═══ DATASET ENTRIES ═══

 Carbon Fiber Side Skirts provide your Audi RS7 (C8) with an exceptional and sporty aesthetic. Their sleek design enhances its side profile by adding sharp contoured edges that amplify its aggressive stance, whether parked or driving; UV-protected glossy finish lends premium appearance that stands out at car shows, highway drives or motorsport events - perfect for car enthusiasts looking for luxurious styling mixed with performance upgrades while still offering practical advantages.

═══
═══ DATASET ENTRIES ═══

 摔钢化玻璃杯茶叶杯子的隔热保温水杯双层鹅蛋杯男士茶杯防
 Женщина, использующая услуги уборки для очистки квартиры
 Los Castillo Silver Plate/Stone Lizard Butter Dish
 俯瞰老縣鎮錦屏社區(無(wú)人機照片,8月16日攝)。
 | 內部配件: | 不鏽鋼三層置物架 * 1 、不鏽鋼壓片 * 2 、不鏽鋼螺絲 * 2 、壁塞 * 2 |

═══

▸ WHAT NEEDS TO BE DONE: The lines to extract from the data above begin with the line containing "Los Castillo Silver" and end with the line containing "2 、不鏽鋼螺絲 * 2 、壁塞 * 2 |". Extract them exactly, including both.

▸ FINISHED TASK:
 Los Castillo Silver Plate/Stone Lizard Butter Dish
 俯瞰老縣鎮錦屏社區(無(wú)人機照片,8月16日攝)。
 | 內部配件: | 不鏽鋼三層置物架 * 1 、不鏽鋼壓片 * 2 、不鏽鋼螺絲 * 2 、壁塞 * 2 |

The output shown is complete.